Using the data below, print exactly the line with "Nyt syltet rødløk", the line with "李宁卫衣男士冬季官方健身跑步男装套头衫长袖圆领上衣针织运动服", and every line between them, but none of the pictures.

- **Data**
▬▬▬▬▬▬

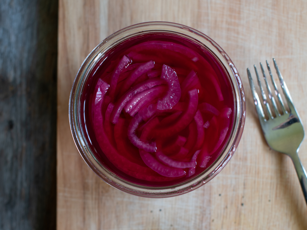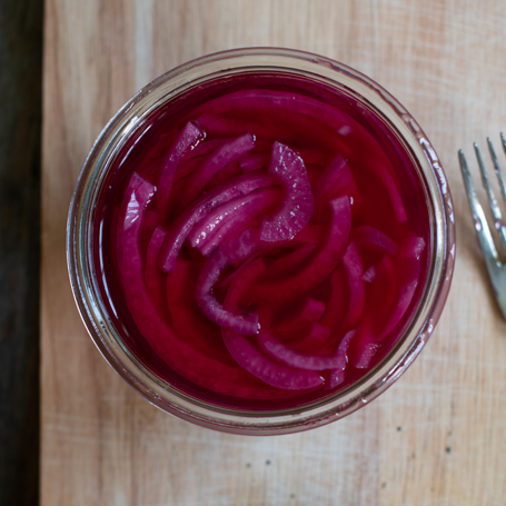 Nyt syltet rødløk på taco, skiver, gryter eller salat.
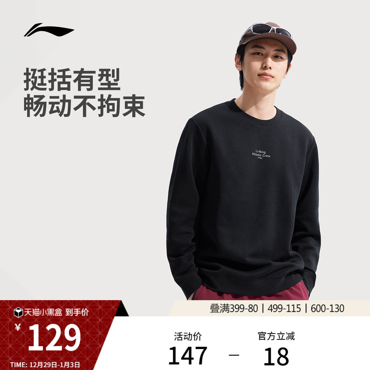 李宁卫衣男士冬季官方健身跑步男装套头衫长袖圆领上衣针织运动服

▬▬▬▬▬▬

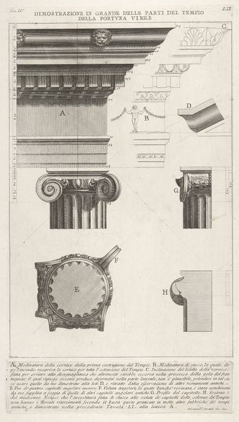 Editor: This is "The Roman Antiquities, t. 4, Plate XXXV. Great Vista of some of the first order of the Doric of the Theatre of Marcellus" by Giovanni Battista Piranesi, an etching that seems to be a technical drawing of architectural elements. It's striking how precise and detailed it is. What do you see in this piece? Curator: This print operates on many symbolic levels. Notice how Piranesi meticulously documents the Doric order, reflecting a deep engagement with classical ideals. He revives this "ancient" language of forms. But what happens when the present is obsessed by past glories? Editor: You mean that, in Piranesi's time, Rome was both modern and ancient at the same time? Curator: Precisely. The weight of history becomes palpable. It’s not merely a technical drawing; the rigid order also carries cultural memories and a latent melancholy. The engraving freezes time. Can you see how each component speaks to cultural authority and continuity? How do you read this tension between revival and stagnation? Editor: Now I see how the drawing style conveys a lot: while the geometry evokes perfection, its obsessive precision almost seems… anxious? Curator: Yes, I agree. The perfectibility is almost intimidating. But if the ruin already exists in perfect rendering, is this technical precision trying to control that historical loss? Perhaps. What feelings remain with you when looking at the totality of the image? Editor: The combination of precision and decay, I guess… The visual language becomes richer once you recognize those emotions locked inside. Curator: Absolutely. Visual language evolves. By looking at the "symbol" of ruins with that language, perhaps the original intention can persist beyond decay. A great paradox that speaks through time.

▬▬▬▬▬▬

- **Task response**
 Nyt syltet rødløk på taco, skiver, gryter eller salat.
 李宁卫衣男士冬季官方健身跑步男装套头衫长袖圆领上衣针织运动服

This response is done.